使用NULL数组将内存分配给2D数组（c） [英] Allocating memory to 2D array using an array of NULL (c)

问题描述

感谢您抽出宝贵的时间阅读本文。

在我的问题中，向量定义为一维整数数组。

因此，向量数组应为

我被要求使用：

int **向量-2D数组

int size-一个整数，表示** vectors中有多少个向量

int * sizes-一个一维整数数组，表示向量的长度

thanks for taking the time in reading this.
In my question a "vector" is defined as a 1D dimensional array of integers.
Therefore an array of vectors would be a 2D dimensional array in which every vector can be of a different length.
I'm asked to use:
int** vectors- the 2D array
int size -an integer that represents how many vectors exist inside **vectors
int* sizes-a 1D array of integers that represents the length of the vectors

例如，对于：

向量= {{4,3,4,3}，{11,22,33,44,55,66}，NULL，{5}，{ 3,33,333,33,3}}。

的大小为5（向量内有5个向量）。

的大小为{4,6,0,1,5}（ 4是第一个向量的长度，依此类推。）

大小由用户在main（）的开头输入，并且** vectors和amp; * sizes是动态分配的，具有size的值。

for example,for:
vectors = {{4,3,4,3},{11,22,33,44,55,66},NULL,{5},{3,33,333,33,3}}.
size is 5 (there are 5 vectors inside vectors).
sizes is {4,6,0,1,5} (4 is the length of the first vector and so on).
size is inputted by the user at the beginning of main() and **vectors&*sizes are dynimacilly allocated with size's value.

我被要求编写函数：

int init（int *** vectors，int ** sizes，int size）初始化* * vectors为NULL数组，* vectors为零数组。

我想出了以下代码：

I'm asked to write the function:
int init(int ***vectors, int **sizes, int size) which initializes **vectors to be an array of NULLs and *sizes to be an array of zeros.
I came up with this code:

#define _CRT_SECURE_NO_WARNINGS
#include <stdio.h>
#include <stdlib.h>
int init(int*** vectors, int** sizes, int size)
{
    int i, k,j;
    printf("check\n");
    *vectors = (int**)malloc(size * sizeof(int*));
    if (*vectors == NULL)
        return 0;
    for (i = 0; i < size; i++)
    {
        *(vectors + i) = NULL;
    }
    printf("check 2\n");
    for (k = 0; k<size; k++)
    {
        if (*(vectors+k) != NULL)
            printf("didn't work\n");
        else
            printf("current is null\n");
    }
    *sizes= (int*)malloc(size * sizeof(int));
    if (*sizes == NULL)
        return 0;
    for (j= 0; j < size; j++)
    {
        *(sizes + j) = 0;
        printf("%d ", *(sizes + j));
    }
    printf("\n");
    return 1;
}
int main()
{
    int size, i;
    int** vectors = NULL;
    int* sizes = NULL;
    printf("\nPlease enter an amount of vectors:\n");
    scanf("%d", &size);
    printf("%d\n", init(&vectors, &sizes, size));
    printf("size is %d now\n", size);
//  for (i = 0; i < size; i++)
    //  printf("%d ", *(sizes+i));
    printf("check 3\n");
    free(sizes);
    free(vectors);
    printf("check 4\n");
    printf("check 5\n");
    return 0;
}

忘了说，如果init分配内存失败，它将返回0，否则返回1

打印支票是为了让我可以看到程序在哪里失败。

问题是无论如何，在打印最后一张支票（支票5）$ b $之后b程序失败。
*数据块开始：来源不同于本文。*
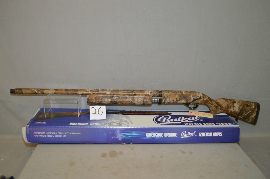 Baikal Model MP - 153 .12 Ga 3 1/2" Semi Auto Shotgun w/ 28" vent rib bbl [ N.I. Box w/booklet, blue finish w/tan camo pistol grip stock, w/various screw in chokes ] Ser # 1215308873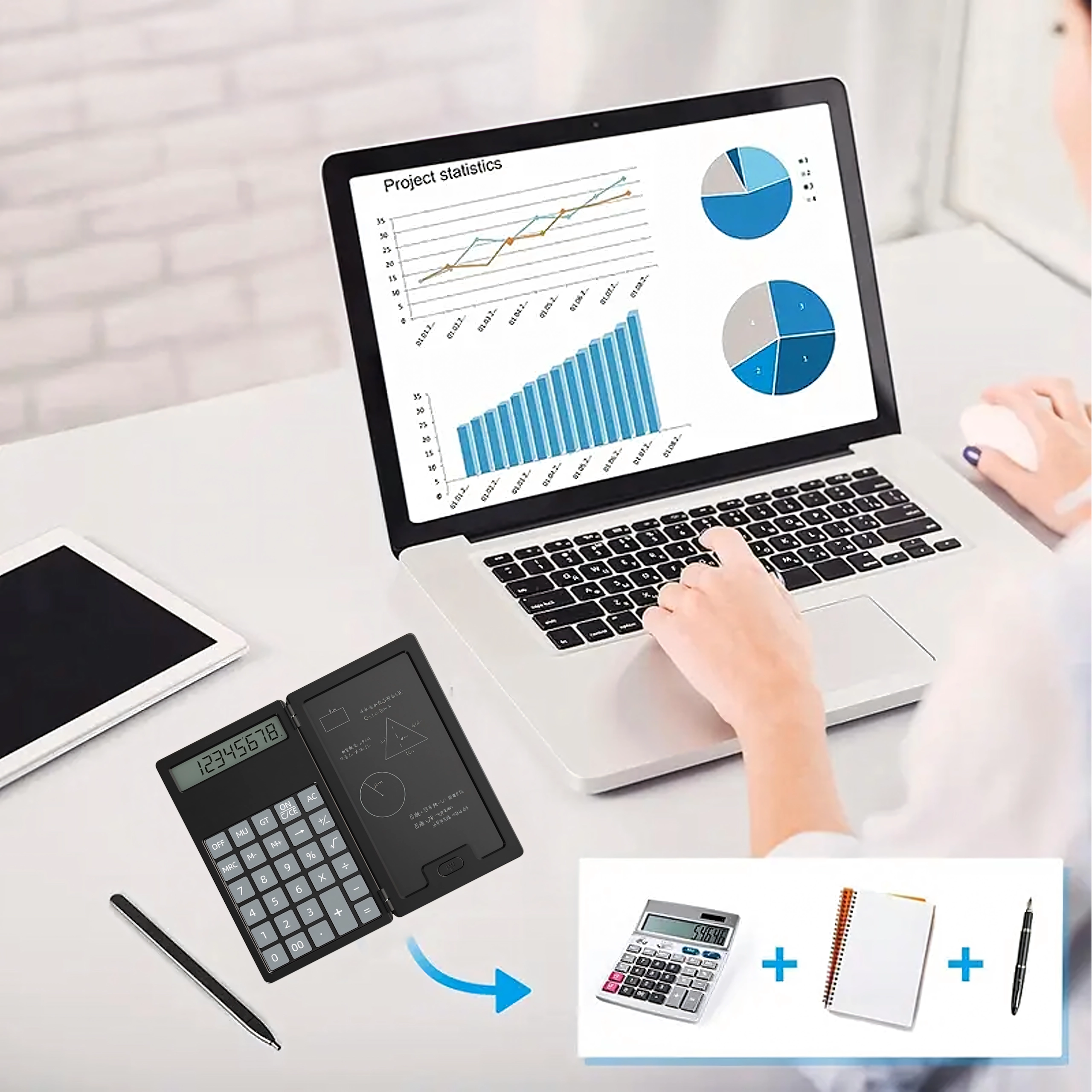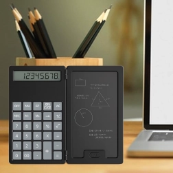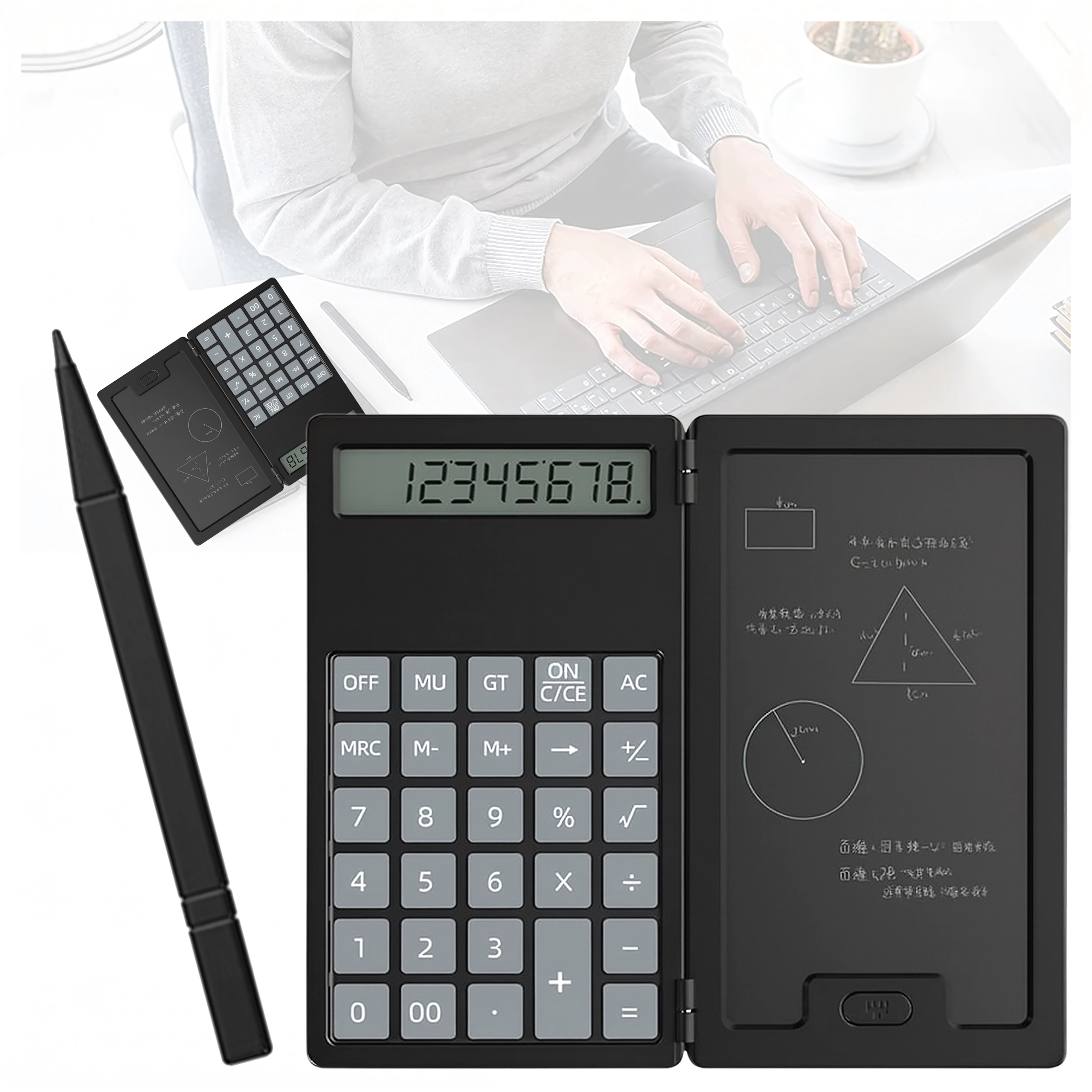 Šis viedais, salokāmais kalkulators apvieno klasiskus aprēķinus ar praktisku LCD plāksni piezīmēm. Pateicoties vieglajai un plānajai konstrukcijai, to viegli ielikt somā vai kabatā, lai vienmēr būtu pa rokai ātriem aprēķiniem un pierakstiem.

（运行时检查失败2）

如果有人可以帮助我了解我在做什么错，我将非常感激。

非常感谢您的阅读并度过了美好的一天
编辑：

i还在init内打印了数组大小/向量，只是看它是否打印零/空值，我实际上不需要这样做。

forgot to mention that init returns 0 if it fails to allocate memory and 1 otherwise.
printing the "checks" was so I could see where the program fails.
the problem is that no matter what,after printing the last check (check 5) the program fails.(Run-Time Check Failure #2)
if anyone could help me understand what I'm doing wrong I would HIGHLY appreciate it.
thanks alot for reading and have an amazing day. edit:
i also printed the array sizes/vectors inside init just to see if it prints zeros/nulls,i don't actually need to do it.

推荐答案

OP代码的一个问题是指针算法。给出：

One problem of OP's code is in the pointer arithmetic. Given:

int ***vectors;
*vectors = malloc(size * sizeof(int*));

此循环：

for (i = 0; i < size; i++)
{
    *(vectors + i) = NULL;
}

将迭代下一个未分配的 pointer指针 strong>转换为int，而OP所需的是

Would iterate over the next unallocated pointer to pointer to pointer to int, while what the OP needs is

for (i = 0; i < size; i++)
{
    *(*vectors + i) = NULL;     // or (*vectors)[i] = NULL;
}

在以下循环中也是如此，其中 * （sizes + j）代替 *（* sizes + j）（或（* sizes）[j ] ）。

The same holds in the following loops, where *(sizes + j) is used instead of *(*sizes + j) (or (*sizes)[j]).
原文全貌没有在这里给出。